In both fiscal year 2022 and fiscal year 2023, the RDC
required BPA to spend excess reserves. For 2022, BPA
proposed allocating 70 percent of the excess reserves to its
customers through a power dividend distribution, 20 percent
to debt reduction, and 10 percent to addressing the
maintenance needs of existing assets designed to mitigate the
impact of hydroelectric power generation on fish and
wildlife. The proposed allocation in 2023 was similar: 58.0
percent for a power dividend distribution, 31.5 percent for
debt reduction, and 10.5 percent for fish and wildlife
mitigation assets. Across both years, BPA proposed
allocating a total of $80 million of its excess reserves to fish
and wildlife mitigation assets, from a pool of $785.4 million.
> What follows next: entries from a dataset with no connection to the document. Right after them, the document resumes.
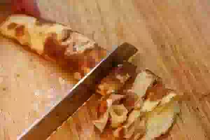 10. Обмакнуть нож в уксусную воду и нарезать роллы на небольшие отрезки. Корейские роллы с тунцом, яичным блином и корейской морковкой готовы. Можно подавать их на стол с соусом или бульоном по вкусу.
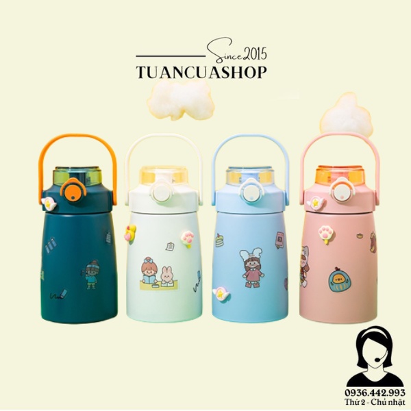 Nhà Cửa & Đời Sống > Dụng cụ pha chế > Bình nước và phụ kiện > Bình nước giữ nhiệt - Bình giữ nhiệt 800ml nhiều màu dễ thương tặng kèm ống hút và sticker trang trí
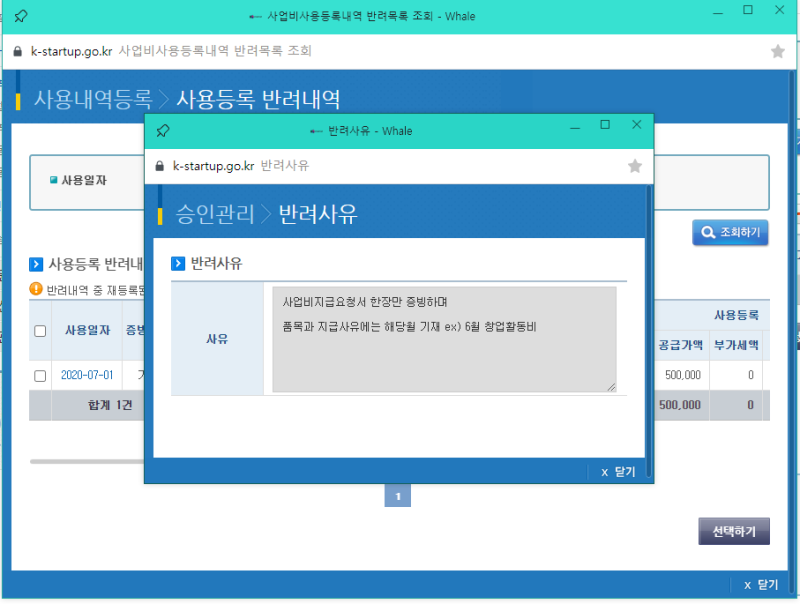 1. 반려 통보 화면 캡처 후 문구 정확히 확인
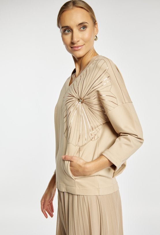 Bluza damska o kobiecym kroju to połączenie wygody i elegancji. Bluza z 3/4 rękawami i półokrągłym dekoltem ozdobiona jest dużym, błyszczącym motywem z aplikacją w formie kwiatu oraz posiada praktyczną kieszeń z przodu, która dodaje jej casualowego charakteru. Modelka na zdjęciu ma 177 cm wzrostu i prezentuje rozmiar S.

In both years, BPA received comments on the proposed
allocation from interested parties, including States, tribes,
and environmental organizations. Many commenters,
8 IDAHO CONSERVATION LEAGUE V. BONNEVILLE POWER ADMIN.
including ICL, objected that the proposed allocation to fish
and wildlife mitigation efforts was too limited. As relevant
here, ICL argued that BPA had failed to comply with a pair
of statutory obligations in the NWPA. Those duties—
codified in section 4(h)(11)(A) of the NWPA—require BPA
and other agencies that are “responsible for managing,
operating, or regulating Federal or non-Federal hydroelectric
facilities located on the Columbia River or its tributaries” to
exercise their responsibilities “in a manner that provides
equitable treatment for . . . fish and wildlife” and to “tak[e]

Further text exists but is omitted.